+++ DATA PROVIDED

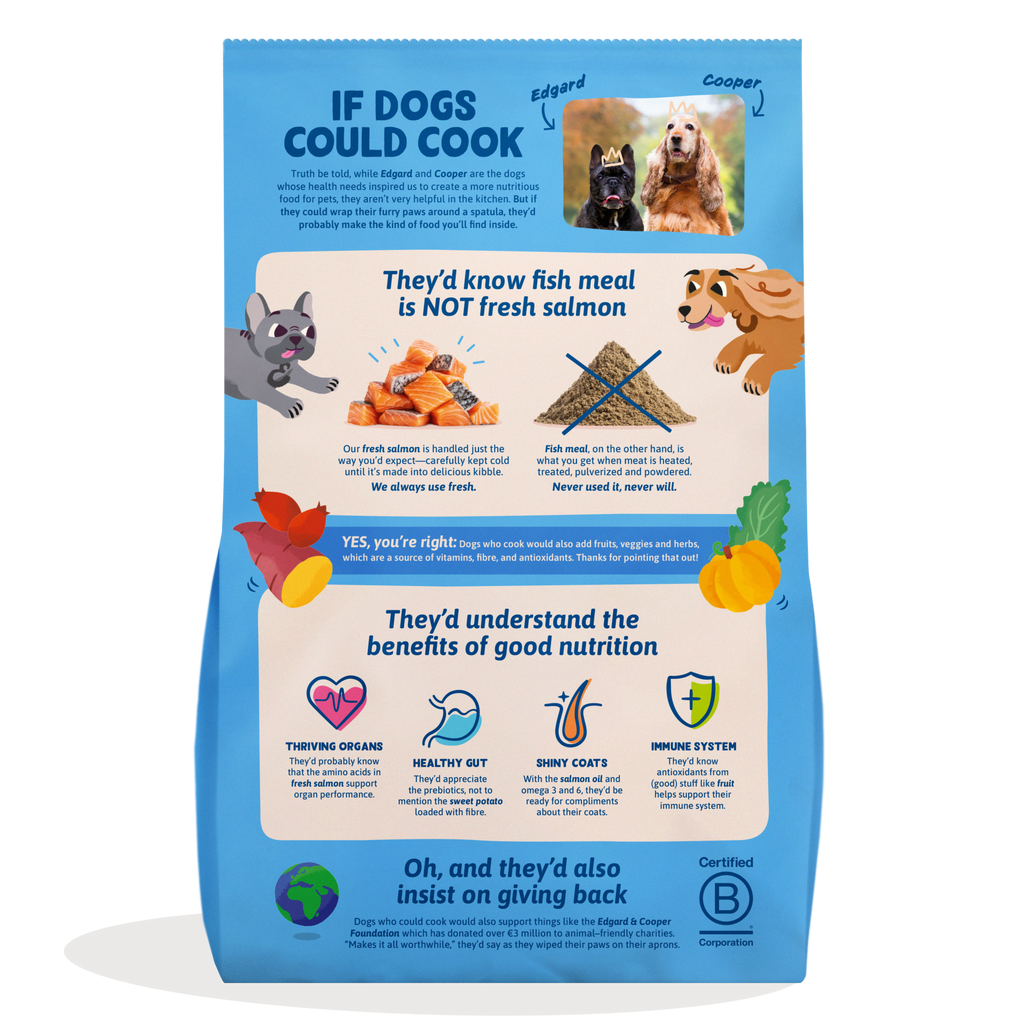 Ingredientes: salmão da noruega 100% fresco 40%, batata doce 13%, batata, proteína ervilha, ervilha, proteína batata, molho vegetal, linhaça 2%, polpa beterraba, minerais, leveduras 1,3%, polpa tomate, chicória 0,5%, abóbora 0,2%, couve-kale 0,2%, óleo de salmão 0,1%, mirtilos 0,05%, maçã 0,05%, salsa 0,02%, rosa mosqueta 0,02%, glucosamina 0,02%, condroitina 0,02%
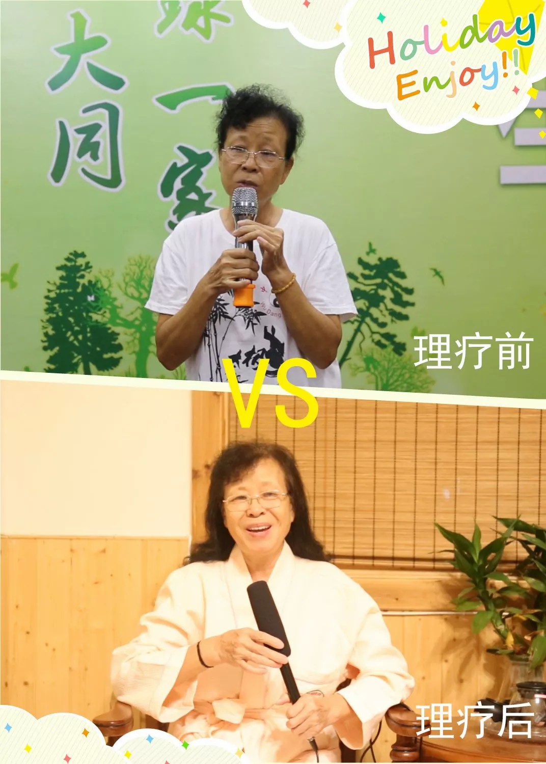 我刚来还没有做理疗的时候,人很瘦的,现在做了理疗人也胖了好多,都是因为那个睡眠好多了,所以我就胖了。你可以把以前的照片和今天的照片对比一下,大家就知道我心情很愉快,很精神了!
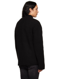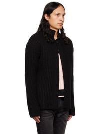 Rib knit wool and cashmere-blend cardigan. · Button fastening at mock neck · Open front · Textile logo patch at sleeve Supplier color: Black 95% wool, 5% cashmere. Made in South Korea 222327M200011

++++++

* _TASK INSTRUCTIONS_:
Print the material word for word without images.

* _SOLUTION FOR THIS PROBLEM_:
 Ingredientes: salmão da noruega 100% fresco 40%, batata doce 13%, batata, proteína ervilha, ervilha, proteína batata, molho vegetal, linhaça 2%, polpa beterraba, minerais, leveduras 1,3%, polpa tomate, chicória 0,5%, abóbora 0,2%, couve-kale 0,2%, óleo de salmão 0,1%, mirtilos 0,05%, maçã 0,05%, salsa 0,02%, rosa mosqueta 0,02%, glucosamina 0,02%, condroitina 0,02%
 我刚来还没有做理疗的时候,人很瘦的,现在做了理疗人也胖了好多,都是因为那个睡眠好多了,所以我就胖了。你可以把以前的照片和今天的照片对比一下,大家就知道我心情很愉快,很精神了!
 Rib knit wool and cashmere-blend cardigan. · Button fastening at mock neck · Open front · Textile logo patch at sleeve Supplier color: Black 95% wool, 5% cashmere. Made in South Korea 222327M200011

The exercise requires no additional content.